BEGIN

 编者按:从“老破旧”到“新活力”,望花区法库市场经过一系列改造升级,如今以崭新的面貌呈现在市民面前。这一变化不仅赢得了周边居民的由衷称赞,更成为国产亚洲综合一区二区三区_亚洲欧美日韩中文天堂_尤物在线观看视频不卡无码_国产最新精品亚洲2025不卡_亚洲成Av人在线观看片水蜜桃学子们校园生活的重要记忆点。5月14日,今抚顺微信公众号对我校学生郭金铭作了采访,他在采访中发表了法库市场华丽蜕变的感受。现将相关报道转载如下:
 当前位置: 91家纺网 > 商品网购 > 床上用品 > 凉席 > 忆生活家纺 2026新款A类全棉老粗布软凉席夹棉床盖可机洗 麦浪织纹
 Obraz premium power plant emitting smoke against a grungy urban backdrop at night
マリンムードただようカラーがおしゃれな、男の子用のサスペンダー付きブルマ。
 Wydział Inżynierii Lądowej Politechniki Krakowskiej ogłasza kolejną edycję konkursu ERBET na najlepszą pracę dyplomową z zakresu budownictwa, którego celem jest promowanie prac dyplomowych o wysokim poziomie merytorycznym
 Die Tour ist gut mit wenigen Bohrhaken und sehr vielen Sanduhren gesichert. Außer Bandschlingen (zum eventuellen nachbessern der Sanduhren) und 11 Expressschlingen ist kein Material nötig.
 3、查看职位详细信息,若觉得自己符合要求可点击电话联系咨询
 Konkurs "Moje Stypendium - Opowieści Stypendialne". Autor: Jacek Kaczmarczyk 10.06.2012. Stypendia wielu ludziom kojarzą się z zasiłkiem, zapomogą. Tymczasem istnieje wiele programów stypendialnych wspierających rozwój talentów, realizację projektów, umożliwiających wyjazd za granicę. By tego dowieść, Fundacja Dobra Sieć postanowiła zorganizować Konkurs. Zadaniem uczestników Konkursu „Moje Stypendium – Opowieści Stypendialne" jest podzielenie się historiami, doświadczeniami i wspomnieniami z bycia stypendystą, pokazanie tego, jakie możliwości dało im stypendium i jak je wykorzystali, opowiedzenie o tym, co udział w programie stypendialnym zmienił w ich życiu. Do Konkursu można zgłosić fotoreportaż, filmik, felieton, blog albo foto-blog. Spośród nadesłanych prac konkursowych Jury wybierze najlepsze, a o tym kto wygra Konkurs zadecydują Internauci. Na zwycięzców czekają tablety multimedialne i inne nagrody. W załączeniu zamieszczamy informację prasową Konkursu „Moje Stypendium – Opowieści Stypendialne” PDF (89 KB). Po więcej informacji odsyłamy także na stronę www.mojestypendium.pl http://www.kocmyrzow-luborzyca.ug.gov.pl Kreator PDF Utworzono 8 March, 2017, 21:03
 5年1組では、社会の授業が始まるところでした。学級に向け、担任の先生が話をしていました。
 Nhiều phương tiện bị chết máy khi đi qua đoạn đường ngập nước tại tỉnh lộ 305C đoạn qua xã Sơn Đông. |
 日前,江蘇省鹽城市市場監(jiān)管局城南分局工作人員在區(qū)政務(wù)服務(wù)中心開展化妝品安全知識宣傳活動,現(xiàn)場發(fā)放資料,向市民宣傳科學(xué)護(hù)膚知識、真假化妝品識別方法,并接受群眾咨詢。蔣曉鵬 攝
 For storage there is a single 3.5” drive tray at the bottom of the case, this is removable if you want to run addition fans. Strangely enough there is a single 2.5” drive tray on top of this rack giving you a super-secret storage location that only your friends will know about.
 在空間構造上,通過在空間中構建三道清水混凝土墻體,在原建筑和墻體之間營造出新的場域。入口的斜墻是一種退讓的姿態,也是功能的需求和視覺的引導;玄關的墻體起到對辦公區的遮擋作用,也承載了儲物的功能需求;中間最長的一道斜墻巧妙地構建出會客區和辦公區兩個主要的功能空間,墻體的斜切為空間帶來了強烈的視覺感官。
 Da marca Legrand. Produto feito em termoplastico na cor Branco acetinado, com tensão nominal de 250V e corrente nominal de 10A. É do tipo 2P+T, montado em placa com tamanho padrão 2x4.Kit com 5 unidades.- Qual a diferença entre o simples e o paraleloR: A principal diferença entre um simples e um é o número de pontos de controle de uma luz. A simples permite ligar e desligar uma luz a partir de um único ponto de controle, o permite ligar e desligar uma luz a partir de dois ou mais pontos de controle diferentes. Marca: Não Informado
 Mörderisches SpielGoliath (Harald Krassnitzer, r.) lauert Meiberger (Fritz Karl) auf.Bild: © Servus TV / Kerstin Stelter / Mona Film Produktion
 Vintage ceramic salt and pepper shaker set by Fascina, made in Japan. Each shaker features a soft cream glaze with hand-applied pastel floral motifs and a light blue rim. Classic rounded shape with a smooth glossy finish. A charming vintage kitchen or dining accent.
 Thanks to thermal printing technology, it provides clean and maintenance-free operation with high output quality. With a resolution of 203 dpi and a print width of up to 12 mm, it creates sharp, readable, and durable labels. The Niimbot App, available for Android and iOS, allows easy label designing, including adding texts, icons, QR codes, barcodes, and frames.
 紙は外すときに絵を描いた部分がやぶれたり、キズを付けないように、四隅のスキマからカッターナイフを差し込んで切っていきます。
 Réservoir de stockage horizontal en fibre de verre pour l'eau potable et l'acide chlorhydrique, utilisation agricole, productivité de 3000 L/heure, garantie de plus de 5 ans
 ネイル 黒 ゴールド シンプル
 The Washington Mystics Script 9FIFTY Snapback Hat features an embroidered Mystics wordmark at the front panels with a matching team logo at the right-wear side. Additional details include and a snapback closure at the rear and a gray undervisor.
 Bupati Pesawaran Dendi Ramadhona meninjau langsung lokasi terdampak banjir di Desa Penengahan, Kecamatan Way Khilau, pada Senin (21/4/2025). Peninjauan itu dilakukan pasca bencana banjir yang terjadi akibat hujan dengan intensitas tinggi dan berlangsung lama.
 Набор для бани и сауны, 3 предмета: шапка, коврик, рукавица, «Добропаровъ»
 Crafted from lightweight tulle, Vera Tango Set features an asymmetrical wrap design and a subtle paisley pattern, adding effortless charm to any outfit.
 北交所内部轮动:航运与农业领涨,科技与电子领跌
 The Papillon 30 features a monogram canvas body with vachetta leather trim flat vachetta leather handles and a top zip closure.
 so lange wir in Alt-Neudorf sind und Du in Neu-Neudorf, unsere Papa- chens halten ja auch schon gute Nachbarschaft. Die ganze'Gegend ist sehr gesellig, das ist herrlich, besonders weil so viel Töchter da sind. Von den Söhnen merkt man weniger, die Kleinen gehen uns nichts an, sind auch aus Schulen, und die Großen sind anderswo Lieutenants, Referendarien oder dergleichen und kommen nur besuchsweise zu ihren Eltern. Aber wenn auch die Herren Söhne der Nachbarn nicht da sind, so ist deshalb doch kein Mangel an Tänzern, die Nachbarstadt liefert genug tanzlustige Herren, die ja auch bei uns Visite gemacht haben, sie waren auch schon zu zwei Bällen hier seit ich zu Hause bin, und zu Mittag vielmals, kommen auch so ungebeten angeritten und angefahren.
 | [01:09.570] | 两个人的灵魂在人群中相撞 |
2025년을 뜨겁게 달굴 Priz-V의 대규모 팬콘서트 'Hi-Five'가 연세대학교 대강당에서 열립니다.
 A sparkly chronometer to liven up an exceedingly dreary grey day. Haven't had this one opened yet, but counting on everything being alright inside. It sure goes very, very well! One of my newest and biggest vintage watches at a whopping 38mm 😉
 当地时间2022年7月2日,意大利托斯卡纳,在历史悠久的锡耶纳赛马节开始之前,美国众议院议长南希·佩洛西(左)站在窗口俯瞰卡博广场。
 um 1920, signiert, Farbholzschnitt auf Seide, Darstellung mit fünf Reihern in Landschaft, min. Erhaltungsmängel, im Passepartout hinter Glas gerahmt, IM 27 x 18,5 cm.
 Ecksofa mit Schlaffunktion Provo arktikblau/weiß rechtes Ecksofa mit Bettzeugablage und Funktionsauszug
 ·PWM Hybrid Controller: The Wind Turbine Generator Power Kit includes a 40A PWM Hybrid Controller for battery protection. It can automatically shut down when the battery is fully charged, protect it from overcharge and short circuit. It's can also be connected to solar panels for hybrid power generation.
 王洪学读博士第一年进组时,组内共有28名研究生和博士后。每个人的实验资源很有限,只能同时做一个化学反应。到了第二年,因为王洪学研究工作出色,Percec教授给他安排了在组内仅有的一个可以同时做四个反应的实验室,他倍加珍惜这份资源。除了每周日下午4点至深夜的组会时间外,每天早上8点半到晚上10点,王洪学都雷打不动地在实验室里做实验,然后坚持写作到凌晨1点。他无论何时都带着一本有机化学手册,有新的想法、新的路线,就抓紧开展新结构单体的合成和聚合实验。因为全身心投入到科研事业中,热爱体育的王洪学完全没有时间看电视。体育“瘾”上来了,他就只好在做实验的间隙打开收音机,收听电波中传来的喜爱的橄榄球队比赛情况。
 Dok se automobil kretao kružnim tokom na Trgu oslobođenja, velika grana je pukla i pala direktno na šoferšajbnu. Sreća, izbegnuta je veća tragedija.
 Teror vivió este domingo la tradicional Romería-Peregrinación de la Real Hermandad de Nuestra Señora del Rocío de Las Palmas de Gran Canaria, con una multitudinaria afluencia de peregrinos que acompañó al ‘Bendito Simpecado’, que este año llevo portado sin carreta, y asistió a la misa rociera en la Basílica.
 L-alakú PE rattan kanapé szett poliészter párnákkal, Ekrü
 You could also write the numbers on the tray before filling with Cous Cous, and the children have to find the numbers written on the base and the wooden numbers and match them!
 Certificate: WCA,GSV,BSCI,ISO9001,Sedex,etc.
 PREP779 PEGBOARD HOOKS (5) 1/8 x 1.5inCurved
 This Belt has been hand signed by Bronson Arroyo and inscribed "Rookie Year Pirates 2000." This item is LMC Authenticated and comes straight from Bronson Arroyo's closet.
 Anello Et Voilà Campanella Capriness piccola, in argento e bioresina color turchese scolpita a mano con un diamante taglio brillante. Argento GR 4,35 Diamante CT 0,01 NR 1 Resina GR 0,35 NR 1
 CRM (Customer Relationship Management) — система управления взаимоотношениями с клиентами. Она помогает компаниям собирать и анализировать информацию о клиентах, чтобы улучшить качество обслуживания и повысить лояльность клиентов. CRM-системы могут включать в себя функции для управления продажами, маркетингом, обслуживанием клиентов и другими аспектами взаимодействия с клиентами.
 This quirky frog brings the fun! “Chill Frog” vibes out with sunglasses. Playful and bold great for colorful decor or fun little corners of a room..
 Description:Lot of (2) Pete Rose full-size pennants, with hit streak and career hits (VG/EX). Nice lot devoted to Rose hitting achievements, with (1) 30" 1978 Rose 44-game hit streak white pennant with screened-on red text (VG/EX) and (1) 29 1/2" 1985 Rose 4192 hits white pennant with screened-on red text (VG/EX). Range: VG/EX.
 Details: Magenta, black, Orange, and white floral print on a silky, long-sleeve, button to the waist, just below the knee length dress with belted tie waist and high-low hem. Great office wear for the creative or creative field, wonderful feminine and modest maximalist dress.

END

**WHAT YOU NEED TO DO**
Your task is to transcribe, with no changes, only the lines of the listing above that lie between the line holding "um 1920, signiert, Farbholzschnitt" and the line holding "L-alakú PE rattan", inclusive.

**RESPONSE TO THE TASK**
 um 1920, signiert, Farbholzschnitt auf Seide, Darstellung mit fünf Reihern in Landschaft, min. Erhaltungsmängel, im Passepartout hinter Glas gerahmt, IM 27 x 18,5 cm.
 Ecksofa mit Schlaffunktion Provo arktikblau/weiß rechtes Ecksofa mit Bettzeugablage und Funktionsauszug
 ·PWM Hybrid Controller: The Wind Turbine Generator Power Kit includes a 40A PWM Hybrid Controller for battery protection. It can automatically shut down when the battery is fully charged, protect it from overcharge and short circuit. It's can also be connected to solar panels for hybrid power generation.
 王洪学读博士第一年进组时,组内共有28名研究生和博士后。每个人的实验资源很有限,只能同时做一个化学反应。到了第二年,因为王洪学研究工作出色,Percec教授给他安排了在组内仅有的一个可以同时做四个反应的实验室,他倍加珍惜这份资源。除了每周日下午4点至深夜的组会时间外,每天早上8点半到晚上10点,王洪学都雷打不动地在实验室里做实验,然后坚持写作到凌晨1点。他无论何时都带着一本有机化学手册,有新的想法、新的路线,就抓紧开展新结构单体的合成和聚合实验。因为全身心投入到科研事业中,热爱体育的王洪学完全没有时间看电视。体育“瘾”上来了,他就只好在做实验的间隙打开收音机,收听电波中传来的喜爱的橄榄球队比赛情况。
 Dok se automobil kretao kružnim tokom na Trgu oslobođenja, velika grana je pukla i pala direktno na šoferšajbnu. Sreća, izbegnuta je veća tragedija.
 Teror vivió este domingo la tradicional Romería-Peregrinación de la Real Hermandad de Nuestra Señora del Rocío de Las Palmas de Gran Canaria, con una multitudinaria afluencia de peregrinos que acompañó al ‘Bendito Simpecado’, que este año llevo portado sin carreta, y asistió a la misa rociera en la Basílica.
 L-alakú PE rattan kanapé szett poliészter párnákkal, Ekrü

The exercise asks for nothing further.